+++ DATA SUPPLIED +++
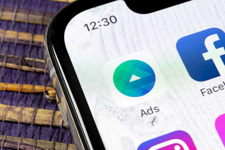 Sankt-Petersburg, Russia, December 5, 2018: Facebook Ads application icon on Apple iPhone X screen close-up. Facebook Business app icon. Facebook Ads mobile application. Social media network
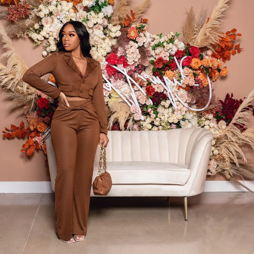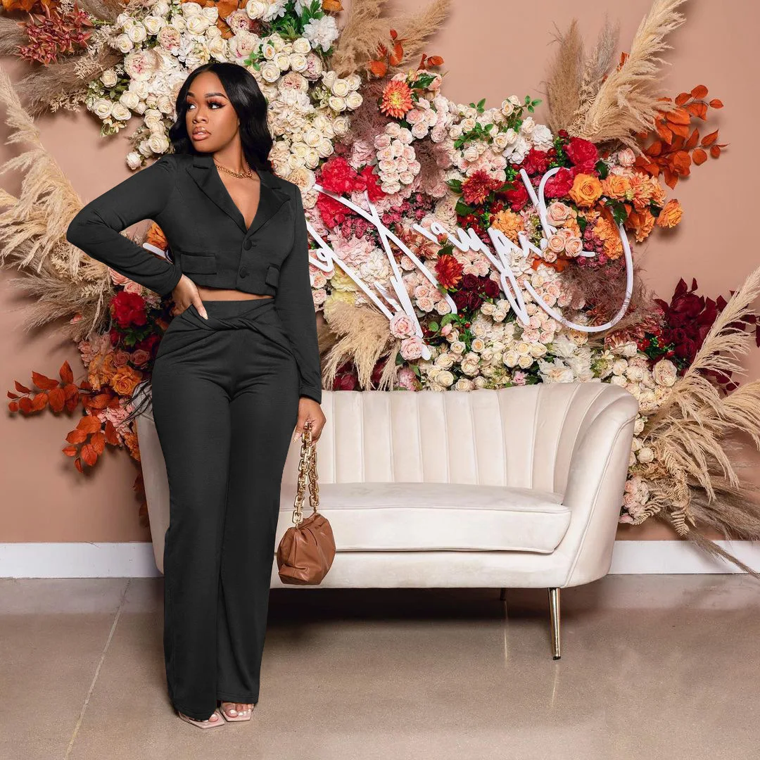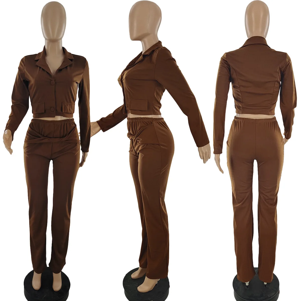 S90089 ensemble deux pièces pantalon femme longue section revers de couleur unie avec boutons haut pantalon ample street femmes vêtements d'automne
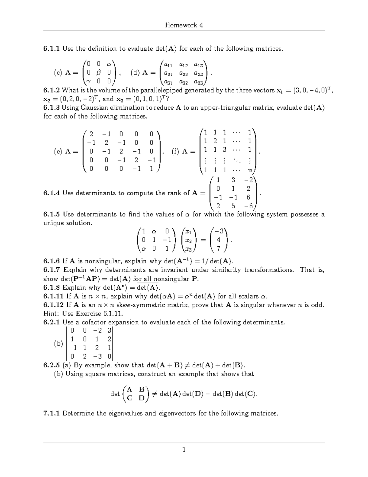 Homework 4: Determinants and Eigenvalues - Studocu
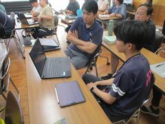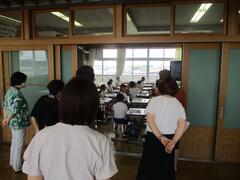 馴柴まちづくり協議会役員のみなさんと文教体育委員会委員のみなさんが来校し、夏休み標語の審査会を行いました。
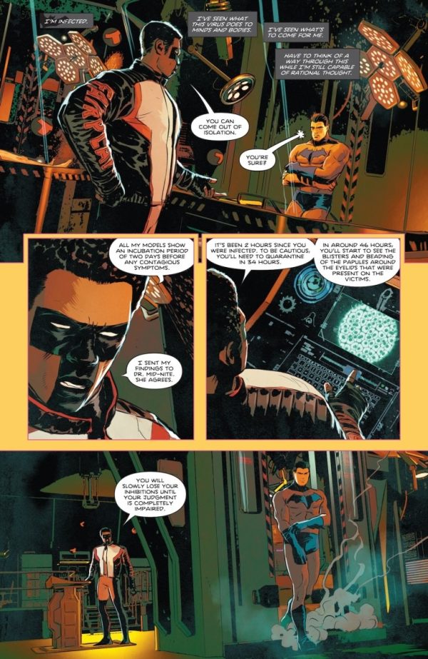 A mysterious weaponized virus has infected the Dark Knight, and he does not know how long he has left before it takes control of his body and mind. Desperate for answers and unsure how long he has to get them, Batman turns to one of the most brilliant minds in the DC Universe, Mr. Terrific.
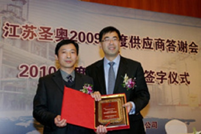 在各位領(lǐng)導(dǎo)精彩的致辭結(jié)束之后,大會還專門為2009年度優(yōu)秀戰(zhàn)略合作伙伴和供應(yīng)商舉行了隆重的頒獎儀式,共頒發(fā)了包括“2009年度優(yōu)秀供應(yīng)商”在內(nèi)的7個獎項(xiàng),對那些在提高產(chǎn)品質(zhì)量及效率等方面有著突出貢獻(xiàn)的供應(yīng)商予以肯定。在隨后舉行的2010年度戰(zhàn)略采購簽字儀式上,蔡崢琦先生代表江蘇圣奧與3家供應(yīng)商簽約,并表示各方將在供應(yīng)鏈管理、技術(shù)創(chuàng)新等各個領(lǐng)域進(jìn)行戰(zhàn)略合作。江蘇圣奧將在協(xié)議確定的框架內(nèi),積極推進(jìn)與供應(yīng)商們的深化合作,互動促進(jìn),在廣泛的交流合作中,實(shí)現(xiàn)雙方的優(yōu)勢互補(bǔ)、互相促進(jìn)、共榮共贏,為雙方的發(fā)展開辟廣闊的前景。
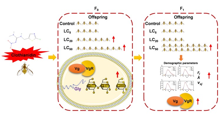 尹新明教授团队/安世恒教授课题组在昆虫学TOP期刊中科院一区《Pesticide Biochemistry and Physiology》杂志在线发表了题为“Clothianidin exposure enhances fecundity in Bactrocera dorsalis via metabolic activation and endocrine modulation: implications for pest resurgence”的研究论文。化学杀虫剂长期以来一直是农业害虫治理的重要手段。然而,本研究发现使用杀虫剂引起的“亚致死效应”,反而促进害虫种群的恢复与扩张。
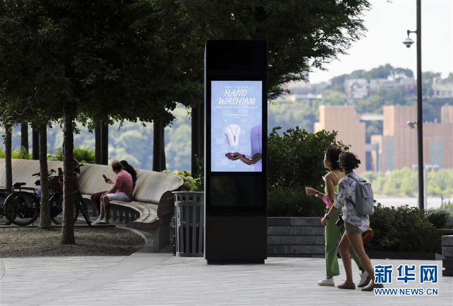 7月14日,在美國紐約一家尚未恢復(fù)店內(nèi)購物的購物中心外,電子屏介紹正確洗手的方式。美國約翰斯·霍普金斯大學(xué):截至北京時間15日6時34分,全球新冠確診病例達13258016例,死亡病例為576752例。美國是全球疫情最嚴(yán)重的國家,確診病例達3416222例,死亡病例為136319例。新華社記者 王迎 攝
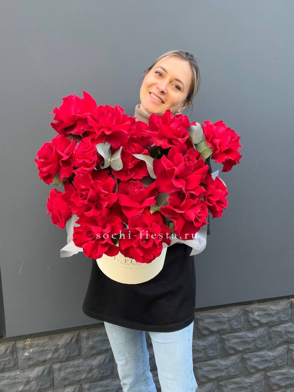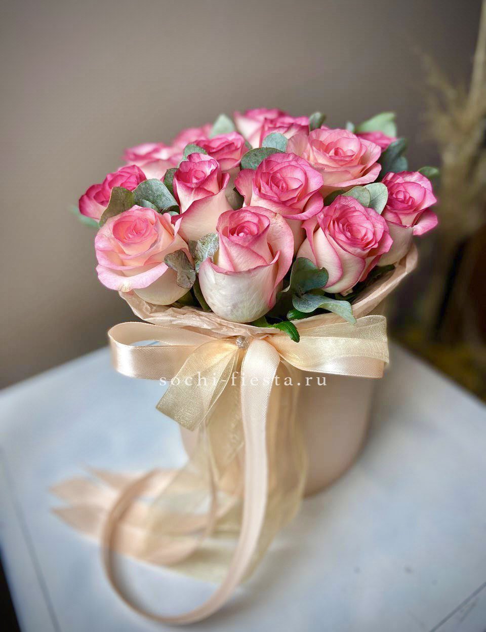вывернутые красные розы, цилиндр D16, эвкалипт, лента, упаковка.
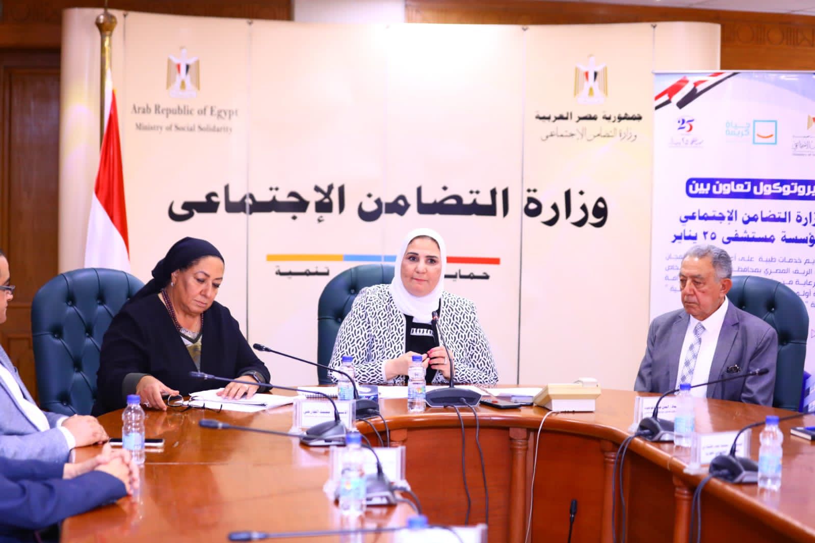 وقعت نيفين القباج وزيرة التضامن الاجتماعي والدكتورة مها الرباط رئيس مجلس أمناء مؤسسة مستشفى 25 يناير للخدمات الطبية، بروتوكول تعاون بين الوزارة والمؤسسة بشأن تقديم خدمات طبية على أعلى مستوى بالمجان في قلب الريف المصري بمحافظة الشرقية، للأشخاص الأولى بالرعاية من حاملي بطاقة تكافل وكرامة، كمشاركة أولى من المؤسسة في المبادرة الرئاسية حياة كريمة، في المجال الصحي من إنسان إلى إنسان للعلاج بالمجان.
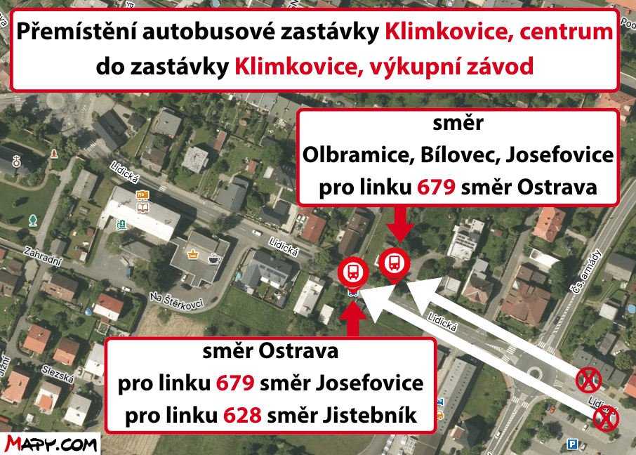Dočasné přemístění autobusové zastávky Klimkovice, centrum
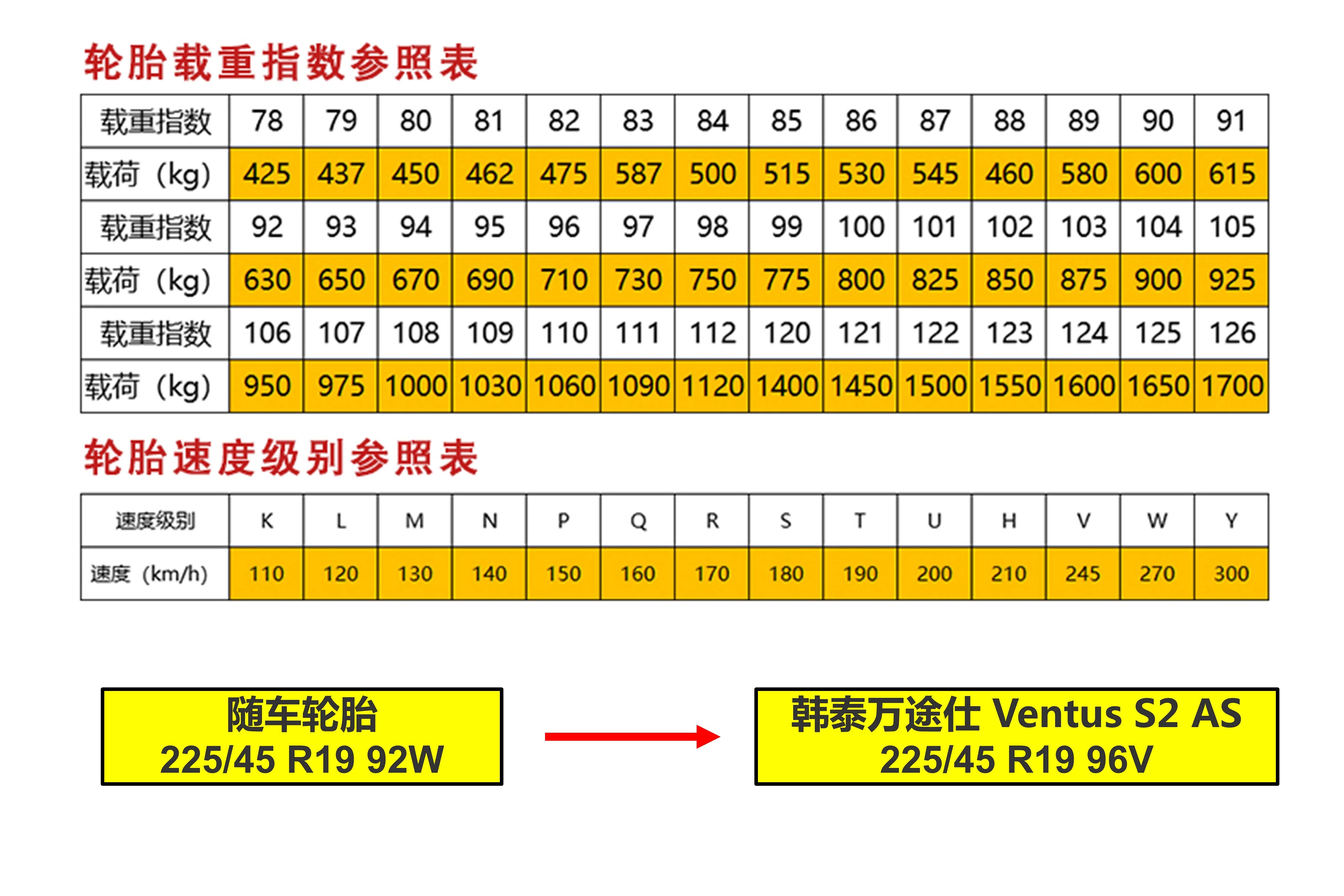 通过数据可以看到,我们的韩泰的H462无论是在载重指数还是在速度级别上都优于随车轮胎的。
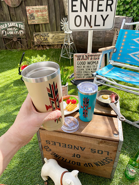 こういうタンブラーってありきたりな単色のヤツばかりだから、ネイティブパターンって新しいし、テーブルに置いた時も映えるから写真撮る時だってカッコイイの!
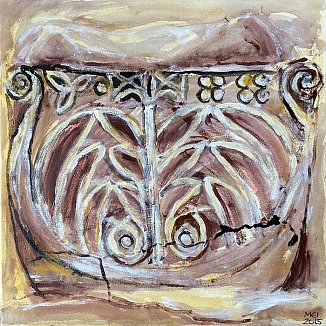 2015: Karolingisk terninge-kapitæl med livsrune, lilje, lotusblomst, gangetegn, hjulkors, livsstræ Omkr. 850 (40×40) |
+++
### TO DO
Nothing but the lines above, starting at the line that contains "Homework 4: Determinants" and ending at the line that contains "馴柴まちづくり協議会役員のみ", should be given again, exactly and without the pictures.

### WRITTEN ANSWER
 Homework 4: Determinants and Eigenvalues - Studocu
 馴柴まちづくり協議会役員のみなさんと文教体育委員会委員のみなさんが来校し、夏休み標語の審査会を行いました。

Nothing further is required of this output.